Bottom Line: Sequence lengths range from 4 to 30 nucleotides and span a large GC-content percentage range.For perfect matches, we propose an extension of the Nearest-Neighbour Model that matches or exceeds the performance of the existing ones, both in terms of correlations and root mean squared errors.Based on our preliminary results, we conclude that no statistically significant differences exist among free energy approximations obtained with 4 publicly available and widely used programs, when benchmarked against a collection of 695 pairs of short oligos collected and curated by the authors of this work based on 29 publications.

View Article: PubMed Central - HTML - PubMed

Affiliation: National Research Council of Canada, Institute of Information Technology, 100 des Aboiteaux Street, Suite 1100, Moncton, NB E1A7R1, Canada. dan.tulpan@nrc-cnrc.gc.ca

ABSTRACT

Background: Estimation of DNA duplex hybridization free energy is widely used for predicting cross-hybridizations in DNA computing and microarray experiments. A number of software programs based on different methods and parametrizations are available for the theoretical estimation of duplex free energies.

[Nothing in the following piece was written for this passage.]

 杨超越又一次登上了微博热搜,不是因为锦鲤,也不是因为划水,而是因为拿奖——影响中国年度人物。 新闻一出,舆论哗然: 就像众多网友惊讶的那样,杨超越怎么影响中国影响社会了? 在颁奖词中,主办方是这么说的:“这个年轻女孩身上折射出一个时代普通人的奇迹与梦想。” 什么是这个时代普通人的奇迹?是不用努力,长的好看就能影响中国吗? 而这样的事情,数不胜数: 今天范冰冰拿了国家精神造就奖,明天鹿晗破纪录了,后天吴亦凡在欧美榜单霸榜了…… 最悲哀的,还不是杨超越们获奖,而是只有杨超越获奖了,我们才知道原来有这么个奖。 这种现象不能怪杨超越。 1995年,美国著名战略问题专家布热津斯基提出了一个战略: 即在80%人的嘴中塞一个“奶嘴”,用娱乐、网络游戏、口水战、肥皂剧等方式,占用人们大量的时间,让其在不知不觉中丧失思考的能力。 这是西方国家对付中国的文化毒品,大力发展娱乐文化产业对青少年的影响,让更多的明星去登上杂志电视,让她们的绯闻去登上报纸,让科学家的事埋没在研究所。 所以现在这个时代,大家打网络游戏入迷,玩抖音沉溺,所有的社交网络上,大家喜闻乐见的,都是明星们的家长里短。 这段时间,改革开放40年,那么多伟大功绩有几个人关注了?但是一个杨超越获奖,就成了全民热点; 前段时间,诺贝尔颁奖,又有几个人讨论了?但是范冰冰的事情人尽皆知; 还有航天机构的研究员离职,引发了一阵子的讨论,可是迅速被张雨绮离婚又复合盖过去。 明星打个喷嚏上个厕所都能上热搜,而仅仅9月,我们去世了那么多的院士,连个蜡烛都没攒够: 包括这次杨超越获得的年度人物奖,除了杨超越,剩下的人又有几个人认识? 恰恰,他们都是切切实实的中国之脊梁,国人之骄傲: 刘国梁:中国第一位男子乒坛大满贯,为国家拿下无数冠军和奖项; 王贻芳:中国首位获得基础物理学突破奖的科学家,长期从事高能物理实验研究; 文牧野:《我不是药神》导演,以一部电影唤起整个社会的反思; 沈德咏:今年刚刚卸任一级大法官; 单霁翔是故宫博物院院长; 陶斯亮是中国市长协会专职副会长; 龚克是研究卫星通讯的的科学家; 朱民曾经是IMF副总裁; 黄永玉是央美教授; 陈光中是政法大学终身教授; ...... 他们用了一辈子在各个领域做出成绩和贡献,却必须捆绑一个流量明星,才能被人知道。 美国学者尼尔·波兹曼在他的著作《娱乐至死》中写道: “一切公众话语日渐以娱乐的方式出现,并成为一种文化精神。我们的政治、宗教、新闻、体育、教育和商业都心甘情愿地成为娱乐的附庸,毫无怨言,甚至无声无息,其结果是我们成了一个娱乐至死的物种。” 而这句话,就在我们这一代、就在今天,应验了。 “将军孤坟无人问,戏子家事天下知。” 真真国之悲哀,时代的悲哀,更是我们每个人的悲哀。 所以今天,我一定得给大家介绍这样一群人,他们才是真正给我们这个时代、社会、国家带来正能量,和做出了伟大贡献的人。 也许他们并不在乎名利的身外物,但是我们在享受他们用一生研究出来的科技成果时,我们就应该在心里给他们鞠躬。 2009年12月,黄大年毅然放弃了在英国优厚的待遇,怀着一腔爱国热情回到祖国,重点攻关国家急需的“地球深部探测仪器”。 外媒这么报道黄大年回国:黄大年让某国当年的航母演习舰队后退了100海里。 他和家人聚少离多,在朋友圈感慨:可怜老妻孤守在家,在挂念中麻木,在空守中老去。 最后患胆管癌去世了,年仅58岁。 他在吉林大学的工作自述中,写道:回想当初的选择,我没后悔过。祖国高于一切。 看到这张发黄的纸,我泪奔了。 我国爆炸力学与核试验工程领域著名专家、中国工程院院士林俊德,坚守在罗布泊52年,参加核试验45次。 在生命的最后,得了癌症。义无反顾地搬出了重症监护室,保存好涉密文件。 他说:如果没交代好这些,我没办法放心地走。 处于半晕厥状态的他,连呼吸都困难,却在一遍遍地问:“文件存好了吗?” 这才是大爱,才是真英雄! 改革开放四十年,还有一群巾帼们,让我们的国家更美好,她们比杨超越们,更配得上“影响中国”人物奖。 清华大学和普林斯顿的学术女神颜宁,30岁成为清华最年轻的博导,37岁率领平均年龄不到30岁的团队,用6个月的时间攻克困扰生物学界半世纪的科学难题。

However, significant differences in free energy values are sometimes observed among estimations obtained with various methods, thus being difficult to decide what value is the accurate one.

Results: We present in this study a quantitative comparison of the similarities and differences among four published DNA/DNA duplex free energy calculation methods and an extended Nearest-Neighbour Model for perfect matches based on triplet interactions. The comparison was performed on a benchmark data set with 695 pairs of short oligos that we collected and manually curated from 29 publications. Sequence lengths range from 4 to 30 nucleotides and span a large GC-content percentage range. For perfect matches, we propose an extension of the Nearest-Neighbour Model that matches or exceeds the performance of the existing ones, both in terms of correlations and root mean squared errors. The proposed model was trained on experimental data with temperature, sodium and sequence concentration characteristics that span a wide range of values, thus conferring the model a higher power of generalization when used for free energy estimations of DNA duplexes under non-standard experimental conditions.

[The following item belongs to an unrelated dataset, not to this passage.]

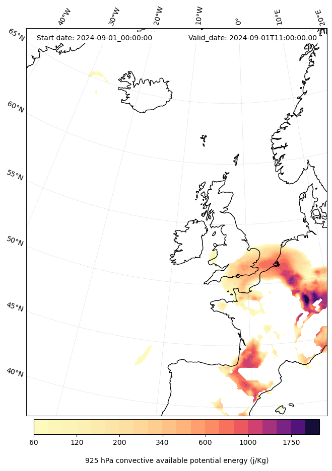 - Maximum CAPE (J/Kg)

Conclusions: Based on our preliminary results, we conclude that no statistically significant differences exist among free energy approximations obtained with 4 publicly available and widely used programs, when benchmarked against a collection of 695 pairs of short oligos collected and curated by the authors of this work based on 29 publications. The extended Nearest-Neighbour Model based on triplet interactions presented in this work is capable of performing accurate estimations of free energies for perfect match duplexes under both standard and non-standard experimental conditions and may serve as a baseline for further developments in this area of research.